About this exercise: Nothing but the lines below from the one that contains "perseverance and endurance." through the one that contains "en faïence polychrome" should be retyped, exactly and including both ends. Do not include pictures.

Data supplied:

════════════════

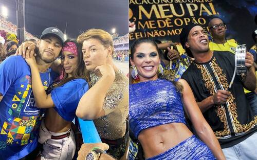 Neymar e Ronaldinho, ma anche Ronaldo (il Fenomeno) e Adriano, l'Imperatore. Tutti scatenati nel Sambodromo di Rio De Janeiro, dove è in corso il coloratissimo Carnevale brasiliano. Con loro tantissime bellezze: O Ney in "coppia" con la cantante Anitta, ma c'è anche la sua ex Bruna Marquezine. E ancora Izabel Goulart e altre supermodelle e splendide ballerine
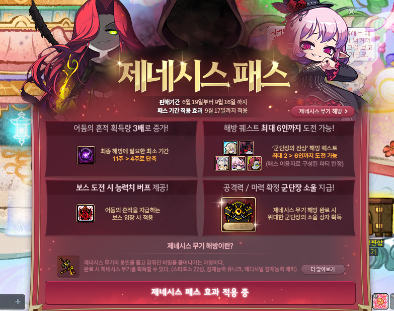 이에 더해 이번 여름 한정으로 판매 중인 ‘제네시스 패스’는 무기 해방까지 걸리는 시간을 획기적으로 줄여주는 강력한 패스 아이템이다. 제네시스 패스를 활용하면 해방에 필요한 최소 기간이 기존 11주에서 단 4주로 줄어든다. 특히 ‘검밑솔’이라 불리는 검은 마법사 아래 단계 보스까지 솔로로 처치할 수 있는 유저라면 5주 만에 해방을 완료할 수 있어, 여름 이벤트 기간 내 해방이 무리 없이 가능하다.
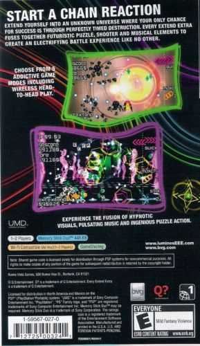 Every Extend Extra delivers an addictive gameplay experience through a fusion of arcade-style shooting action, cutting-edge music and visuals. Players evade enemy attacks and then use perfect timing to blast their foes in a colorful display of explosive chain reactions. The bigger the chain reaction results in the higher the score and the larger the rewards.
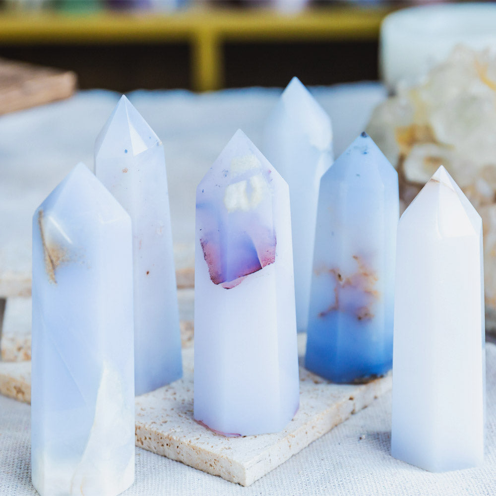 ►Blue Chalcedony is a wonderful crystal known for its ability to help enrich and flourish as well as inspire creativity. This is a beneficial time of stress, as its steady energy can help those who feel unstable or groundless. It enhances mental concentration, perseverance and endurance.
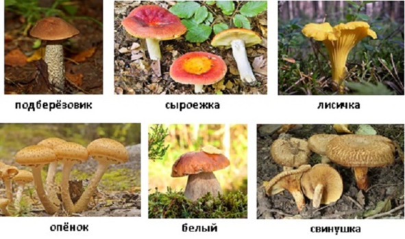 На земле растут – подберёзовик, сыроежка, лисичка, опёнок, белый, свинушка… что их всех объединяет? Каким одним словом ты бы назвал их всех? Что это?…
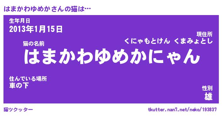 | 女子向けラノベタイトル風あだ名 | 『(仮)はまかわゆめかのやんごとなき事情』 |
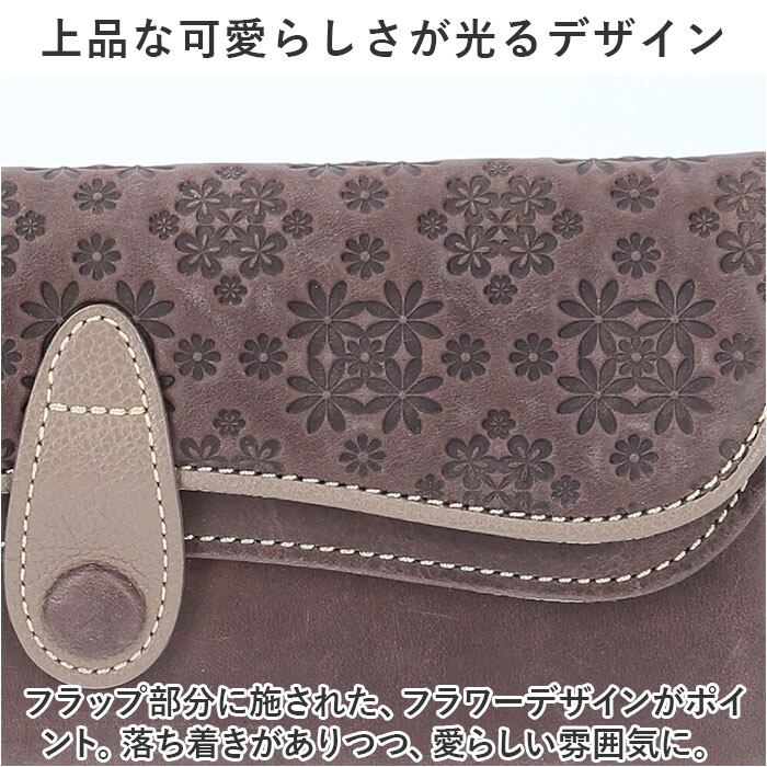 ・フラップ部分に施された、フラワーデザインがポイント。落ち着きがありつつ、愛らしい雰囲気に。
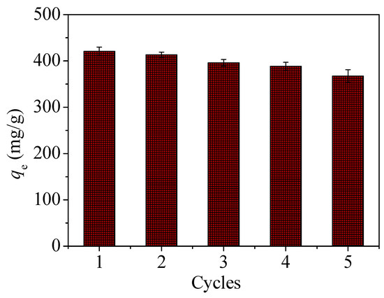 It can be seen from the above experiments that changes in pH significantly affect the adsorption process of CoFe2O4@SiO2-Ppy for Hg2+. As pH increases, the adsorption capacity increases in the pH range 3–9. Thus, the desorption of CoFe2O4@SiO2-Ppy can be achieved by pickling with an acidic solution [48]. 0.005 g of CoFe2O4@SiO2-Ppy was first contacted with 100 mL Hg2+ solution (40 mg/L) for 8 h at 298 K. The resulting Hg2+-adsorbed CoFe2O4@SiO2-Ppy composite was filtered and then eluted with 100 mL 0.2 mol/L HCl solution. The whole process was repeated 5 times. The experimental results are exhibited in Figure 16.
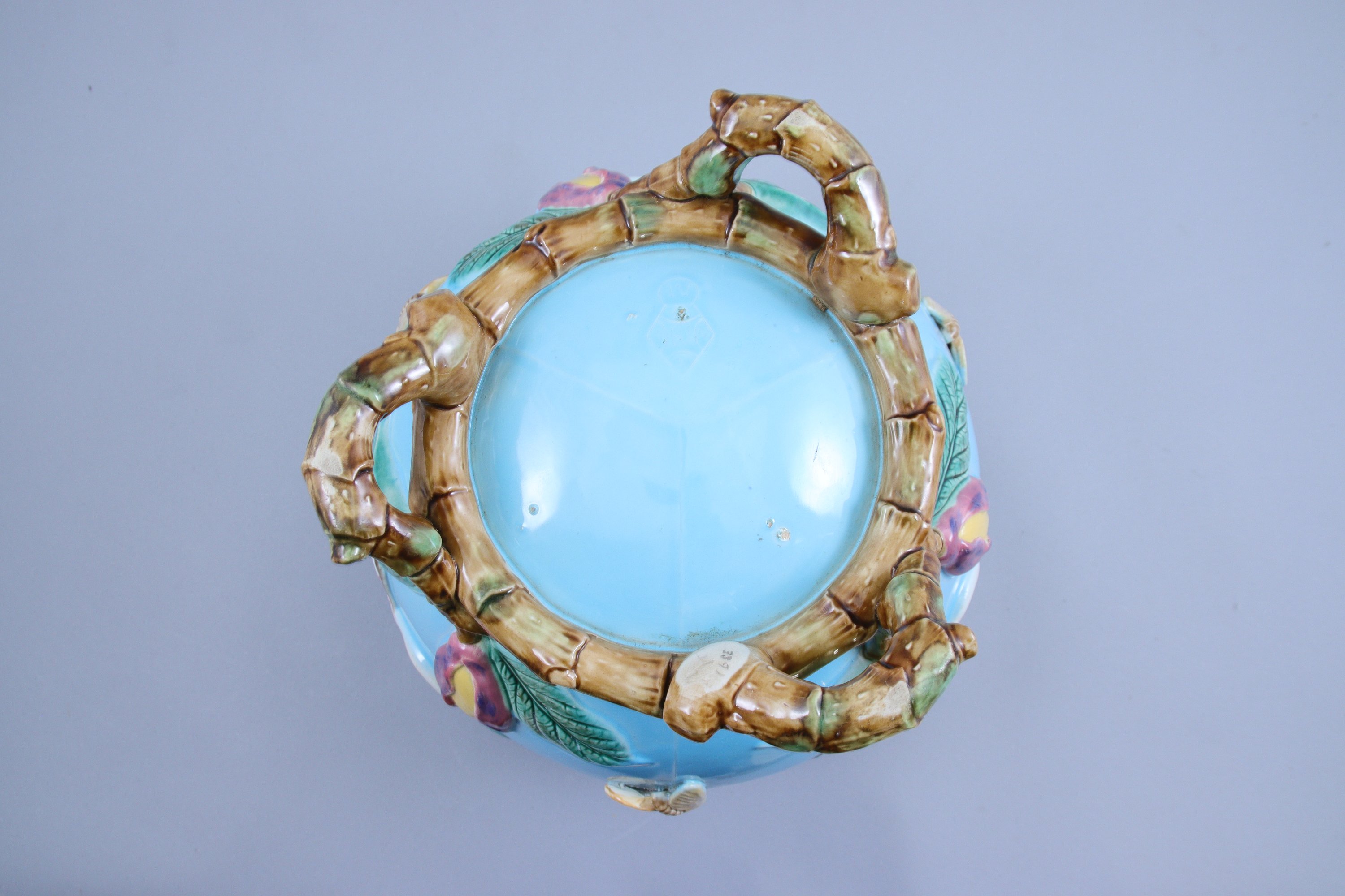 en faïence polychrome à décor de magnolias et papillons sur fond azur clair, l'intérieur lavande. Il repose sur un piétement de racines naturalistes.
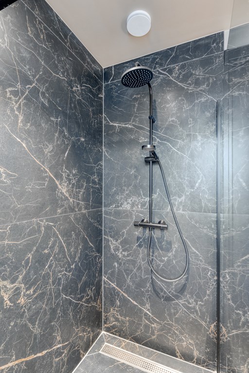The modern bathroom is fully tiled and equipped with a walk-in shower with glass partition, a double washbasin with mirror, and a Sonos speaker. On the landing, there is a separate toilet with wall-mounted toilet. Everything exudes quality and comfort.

════════════════

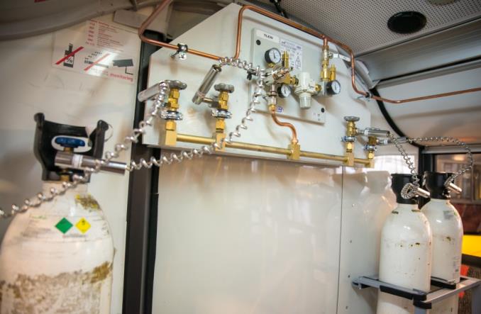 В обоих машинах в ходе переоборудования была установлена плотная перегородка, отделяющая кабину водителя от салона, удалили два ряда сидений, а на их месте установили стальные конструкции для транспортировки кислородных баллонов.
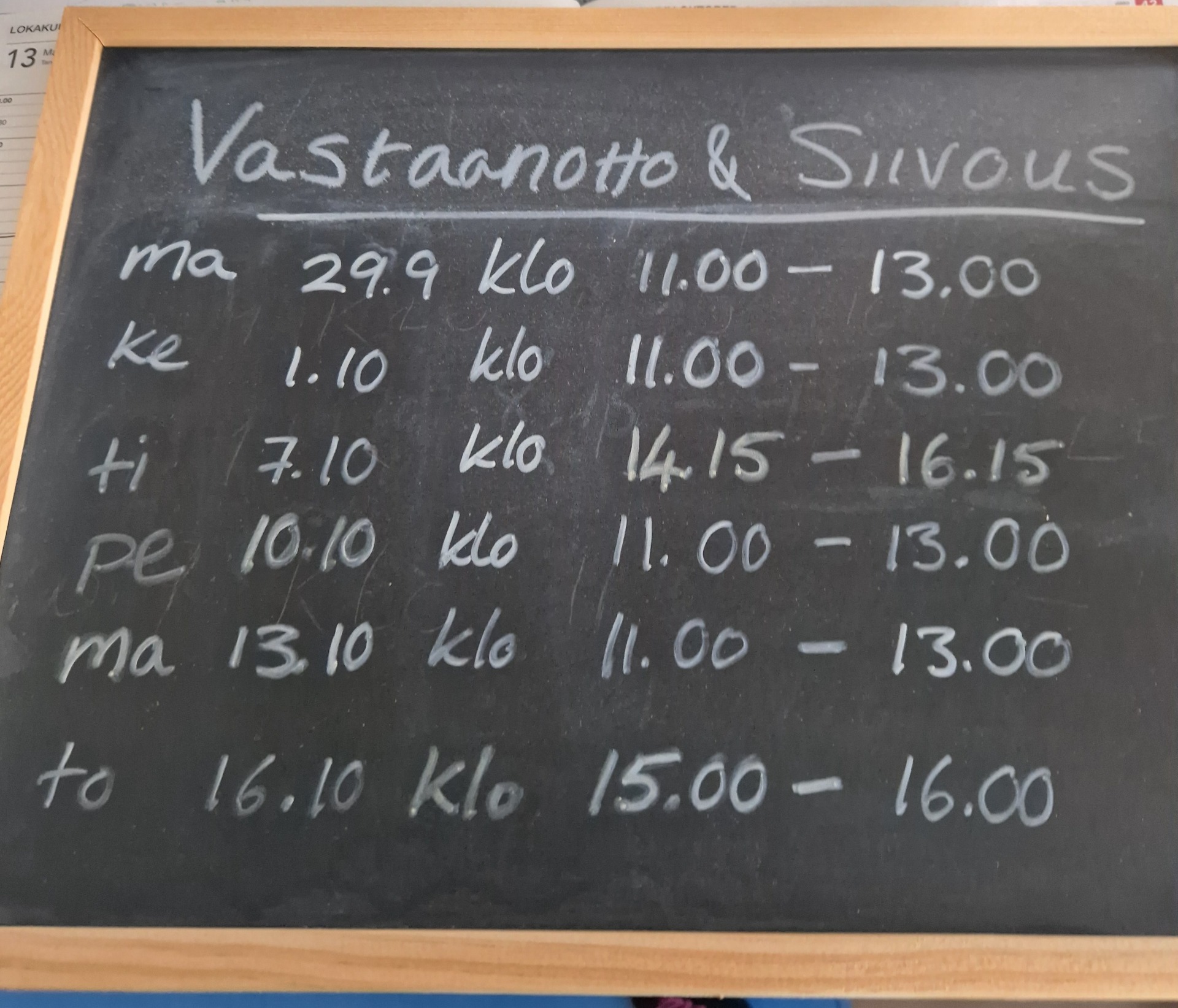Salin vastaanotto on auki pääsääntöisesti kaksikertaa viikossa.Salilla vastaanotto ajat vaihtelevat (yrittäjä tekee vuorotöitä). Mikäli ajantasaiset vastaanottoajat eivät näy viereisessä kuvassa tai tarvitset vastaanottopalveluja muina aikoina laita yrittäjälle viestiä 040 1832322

════════════════

Reply to the task:
 ►Blue Chalcedony is a wonderful crystal known for its ability to help enrich and flourish as well as inspire creativity. This is a beneficial time of stress, as its steady energy can help those who feel unstable or groundless. It enhances mental concentration, perseverance and endurance.
 На земле растут – подберёзовик, сыроежка, лисичка, опёнок, белый, свинушка… что их всех объединяет? Каким одним словом ты бы назвал их всех? Что это?…
 | 女子向けラノベタイトル風あだ名 | 『(仮)はまかわゆめかのやんごとなき事情』 |
 ・フラップ部分に施された、フラワーデザインがポイント。落ち着きがありつつ、愛らしい雰囲気に。
 It can be seen from the above experiments that changes in pH significantly affect the adsorption process of CoFe2O4@SiO2-Ppy for Hg2+. As pH increases, the adsorption capacity increases in the pH range 3–9. Thus, the desorption of CoFe2O4@SiO2-Ppy can be achieved by pickling with an acidic solution [48]. 0.005 g of CoFe2O4@SiO2-Ppy was first contacted with 100 mL Hg2+ solution (40 mg/L) for 8 h at 298 K. The resulting Hg2+-adsorbed CoFe2O4@SiO2-Ppy composite was filtered and then eluted with 100 mL 0.2 mol/L HCl solution. The whole process was repeated 5 times. The experimental results are exhibited in Figure 16.
 en faïence polychrome à décor de magnolias et papillons sur fond azur clair, l'intérieur lavande. Il repose sur un piétement de racines naturalistes.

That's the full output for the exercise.